Create a Snowflake Warehouse (Optional)

When you create an account, Snowflake automatically creates a warehouse for you. However, you can choose to create a different warehouse for your Pipeline.
To do this:

  1. Do one of the following to connect to your Snowflake account:

    • In your SQL client, connect to your Snowflake account.

    • Log into your Snowflake instance. Click Worksheets at the top of the page.

      Connect to Snowflake account

  2. Execute the following commands:

    USE ROLE <ACCOUNTADMIN or SYSADMIN>;
    
    CREATE WAREHOUSE <warehouse_name> WITH AUTO_RESUME = TRUE
    WAREHOUSE_SIZE = <size> //size = {XSMALL | SMALL | MEDIUM | LARGE | XLARGE | XXLARGE | XXXLARGE | X4LARGE} AUTO_SUSPEND = <time_in_seconds>; //default suspending time is 600 seconds
    

    In the above commands:

    • Auto-resume specifies whether to automatically resume a warehouse when a SQL query is submitted to it.

    • Warehouse size is the size of the warehouse depends on your cost & usability - by default it is set to XSmall.

    • Auto-suspend specifies the number of seconds of inactivity after which the warehouse is automatically suspended. When data is received, the warehouse is automatically resumed if Auto-resume is set to True.


Create a Snowflake Database (Optional)

You can use the default database provided with your Snowflake data warehouse for loading the data or create another database as per your requirements.

To create a database:

  1. Do one of the following to connect to your Snowflake account:

    • In your SQL client, connect to your Snowflake account.

    • Log into your Snowflake instance. Click Worksheets at the top of the page.

      Connect to Snowflake account

  2. Execute the following commands:

    USE ROLE <ACCOUNTADMIN or SYSADMIN>;// use one of the roles
    CREATE DATABASE <database_name>;# replace <database_name> with a database name
    

Create a Role and a User (Optional)

Snowflake uses the concept of Roles to assign privileges to a user. Perform the following steps to create a Hevo user and assign it the required role:

  1. Do one of the following to connect to your Snowflake account:

    • In your SQL client, connect to your Snowflake account.

    • Log into your Snowflake instance.
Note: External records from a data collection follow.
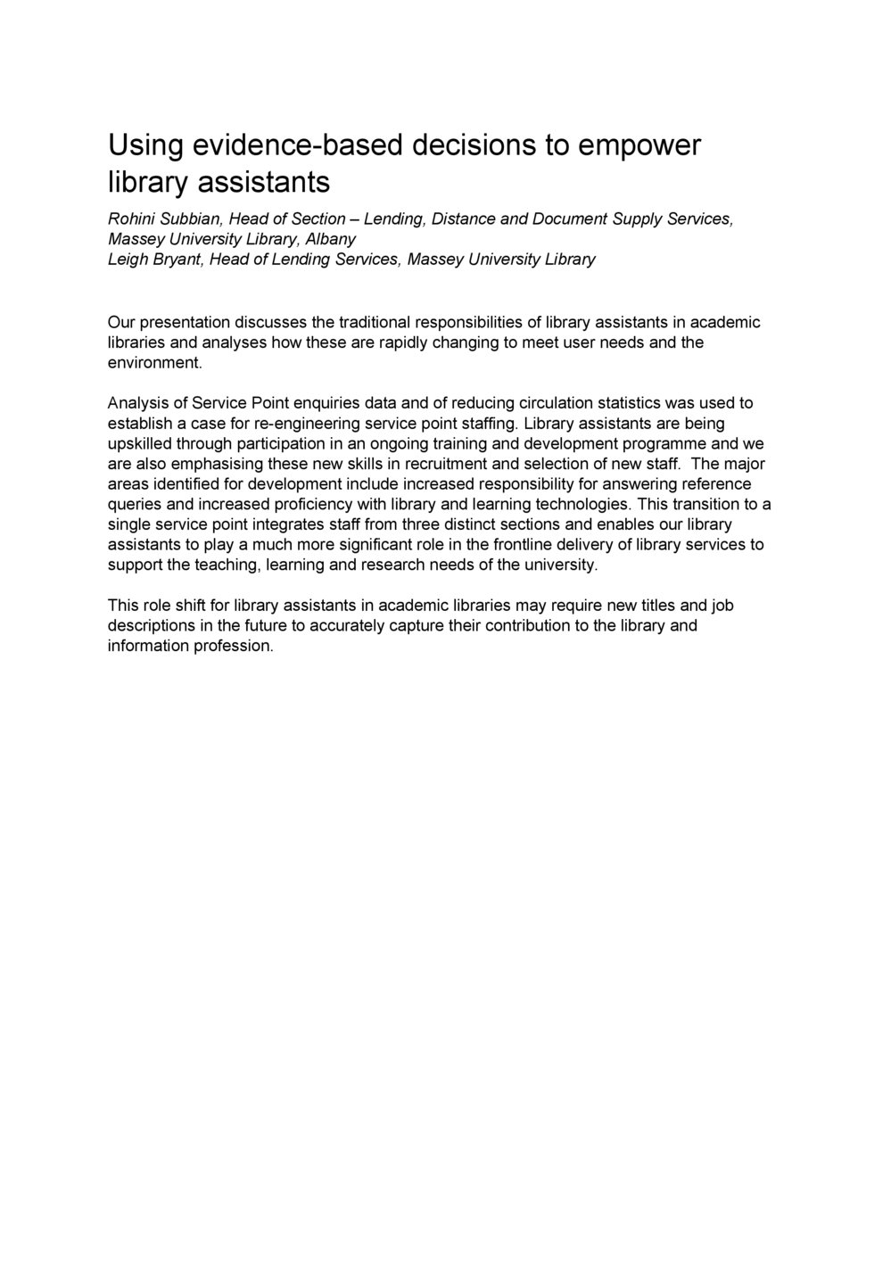Lianza (23rd May 2017). Using evidence-based decisions to empower library assistants. In Website Lianza. Retrieved 20th Mar 2026 00:25, from https://lianza.recollect.co.nz/nodes/view/2616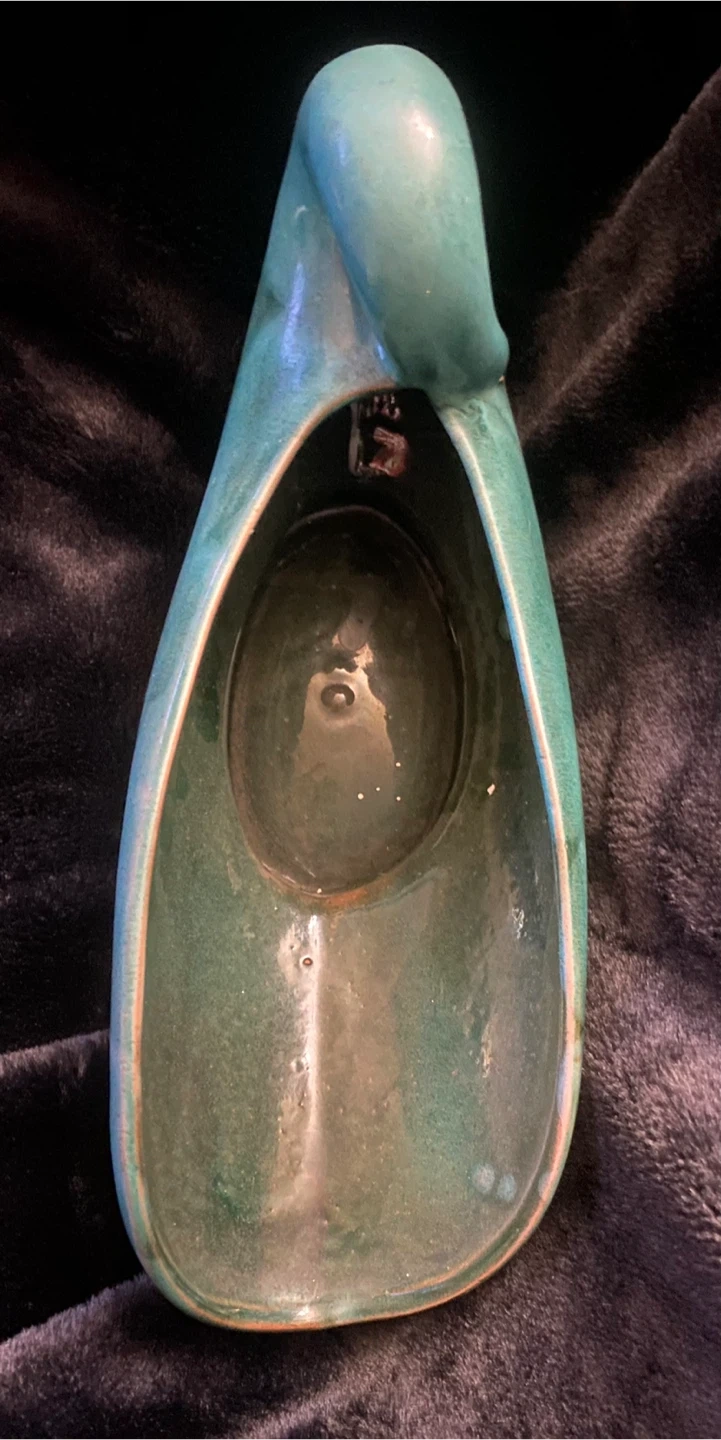 This is a beautiful green ceramic pitcher vase made by Danesi Art in Canada. It features a unique, artistic design with a smooth glaze. Its distinctive shape makes it a lovely decorative piece.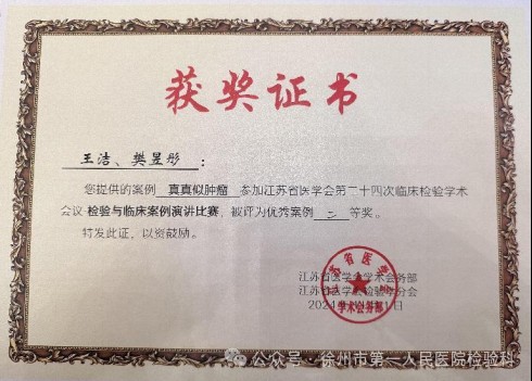 在王丽教授的的指导下,徐州一院医学检验科樊昱彤、王洁组合作为徐州代表队参与了比赛并获得二等奖佳绩。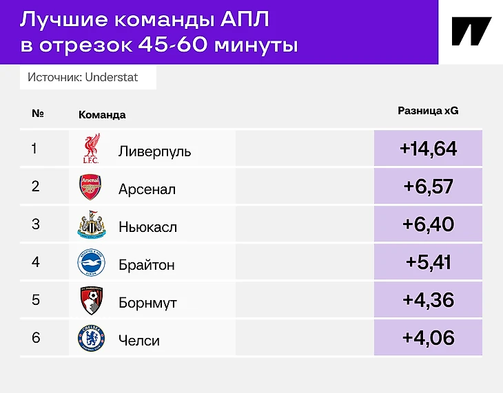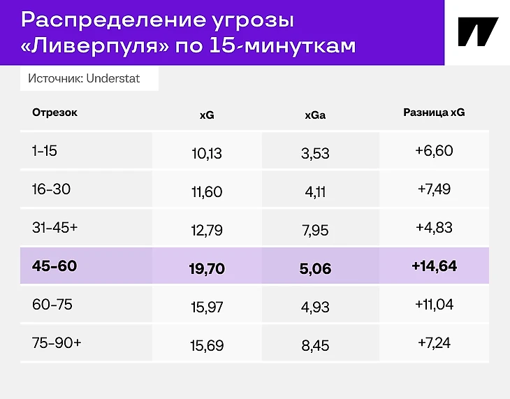 Вот таблица с распределением угрозы, которую создает и допускает «Ливерпуль» по 15-минуткам. Отрезок сразу после перерыва – самый страшный для соперников:
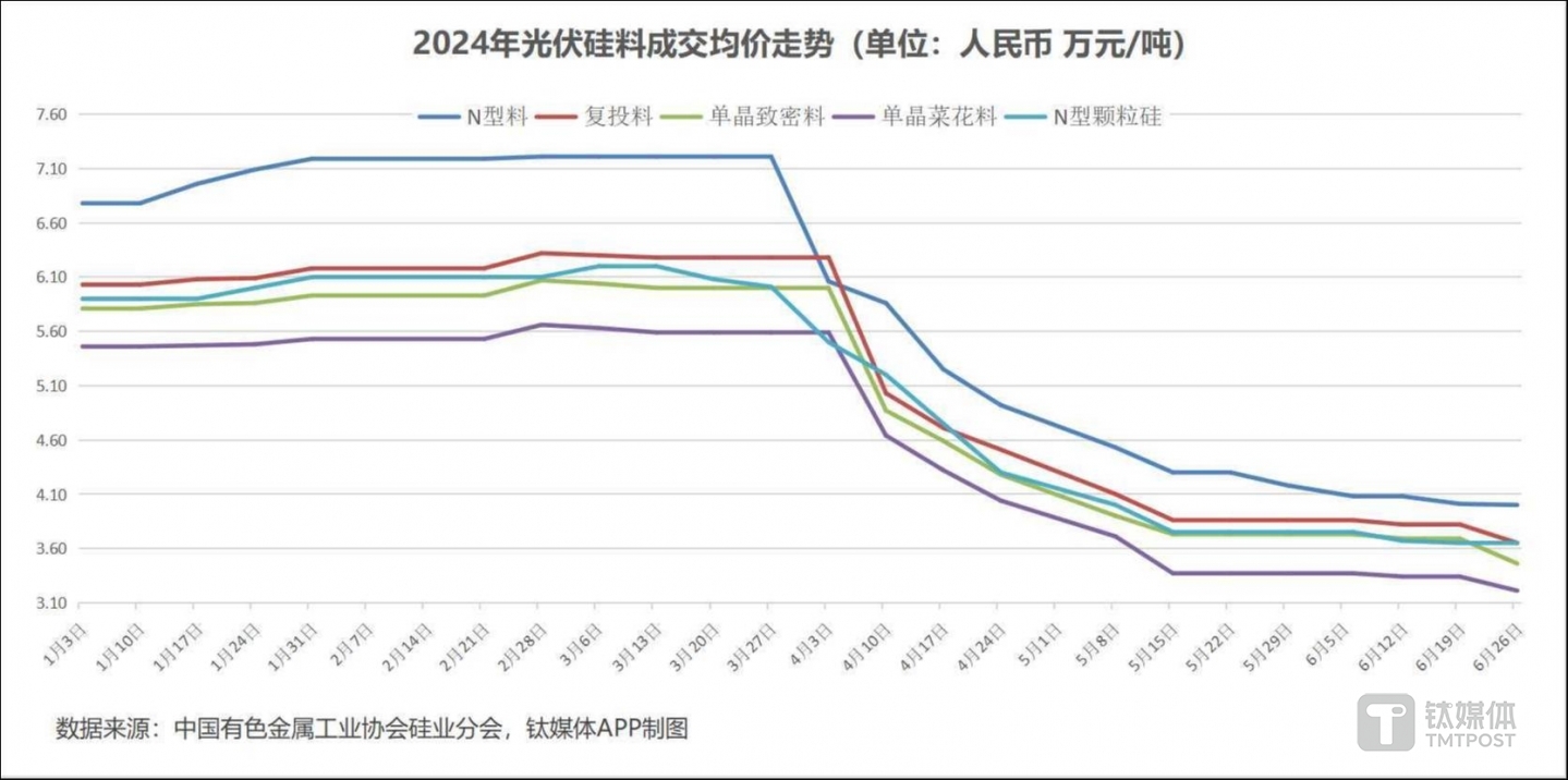 具体数据方面,根据中国有色金属协会硅业分会的统计,截至6月底,复投料成交价格区间为3.6-3.8万元/吨,成交均价为3.65万元/吨,较5月底下降5.4%,二季度以来跌幅达到41.9%,全年至今下跌39.5%;P型致密料成交价格区间一直在3.4-3.9万元/吨之间,但成交均价较5月底降了7.2%,降至3.46万元/吨,二季度以来降了42.3%,全年至今下跌40.5%;P型菜花料跌势趋缓,目前成交价格区间在3.1-3.6万元/吨之间,成交均价为3.21万元/吨,较5月底下降4.8%,二季度以来下跌42.6%,全年至今跌幅为41.2%;N型料方面,N型棒状硅成交价格区间为3.9-4.2万元/吨,成交均价为4万元/吨,较5月底下跌4.3%,整个二季度跌了44.5%,全年至今下跌41%;N型颗粒硅方面,成交价集中在3.6-3.7万元/吨,均价为3.65万元/吨,较5月底降了2.7%,降幅最小,但二季度也跌了39.3%,全年至今跌幅为38.1%。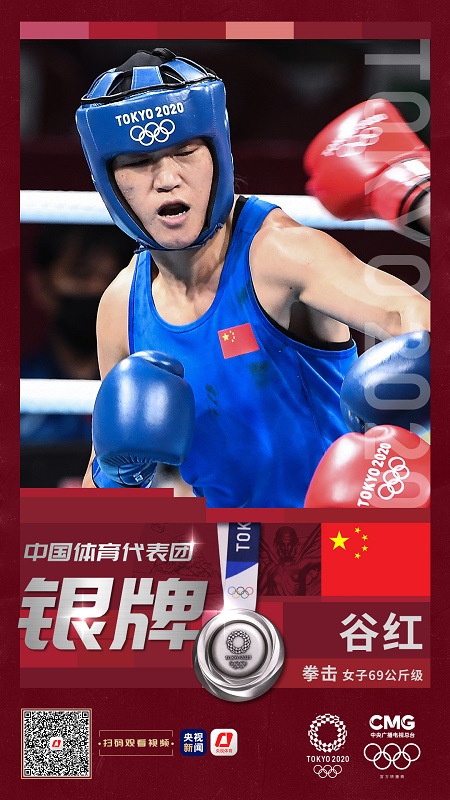 北京時間8月7日,在東京奧運會拳擊女子69公斤級決賽中,谷紅奪得銀牌。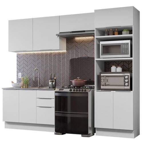 Este modelo oferece espaço para armazenar de tudo: forno, micro-ondas, garrafas, louças, eletros, panos e qualquer outra coisa que você possa imaginar. É a escolha ideal para deixar sua cozinha extremamente organizada e funcional.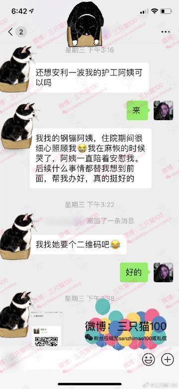 另外,妹子还安利了她的护工阿姨,觉得她很细心周到,图8是她的护工阿姨的二维码。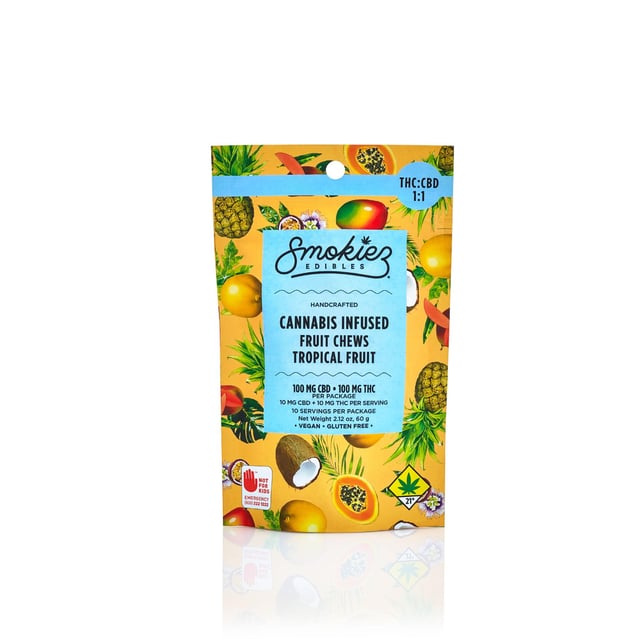 NEW! Smokiez™ Tropical Fruit CBD:THC 1:1 Fruit Chews are NOT YOUR AVERAGE FRUIT CHEWS™ ;)

Click Worksheets at the top of the page.

      Connect to Snowflake account

  2. Create a role for the Hevo user:

    USE ROLE <ACCOUNTADMIN or SECURITYADMIN>;// use one of the roles
    CREATE ROLE <role_name> COMMENT = 'Role for Hevo access';# replace <role_name> with a name for the role
    
  3. Optional: If you have created a hierarchy that assigns all custom roles to the SYSADMIN role, grant this role to the SYSADMIN:

    GRANT ROLE <role_name> to role SYSADMIN;
    
  4. Create the Hevo user and grant the role created above to it:

    CREATE USER IF NOT EXISTS <user_name># replace <user_name> with a name for the user
      PASSWORD='<password>'
      COMMENT='User for Hevo database user'
      DEFAULT_ROLE='<role_name>'
      DEFAULT_WAREHOUSE='<warehouse_name>';
    

Grant Permissions to the Hevo User

You must grant the ALL permission to the role you created for the Hevo user above to allow access to your data. This allows Hevo to connect , create, modify, and monitor usage at the object level for the warehouse and the database.

Do the following:

  1. Grant warehouse-level privileges to the role you created:

    GRANT USAGE ON WAREHOUSE <warehouse_name> TO ROLE <role_name>;
    
  2. Grant database-level privileges to the role you created:

    GRANT USAGE,CREATE SCHEMA ON DATABASE <database_name> TO ROLE <role_name>;
    
  3. Grant ALL permission on the schema to the role you created:

    GRANT ALL ON SCHEMA <schema_name> TO ROLE <role_name>;
    
  4. Grant ALL permission on the future schema to the role you created:

    GRANT ALL ON FUTURE SCHEMAS IN DATABASE <database_name> TO ROLE <role_name>;
    

Obtain your Snowflake Account and Region Names

The Snowflake data warehouse may be hosted on any of the following Cloud providers:

  • Amazon Web Services (AWS)

  • Google Cloud Platform (GCP)

  • Microsoft Azure (Azure)

You can derive the account name and region from your Snowflake web interface URL.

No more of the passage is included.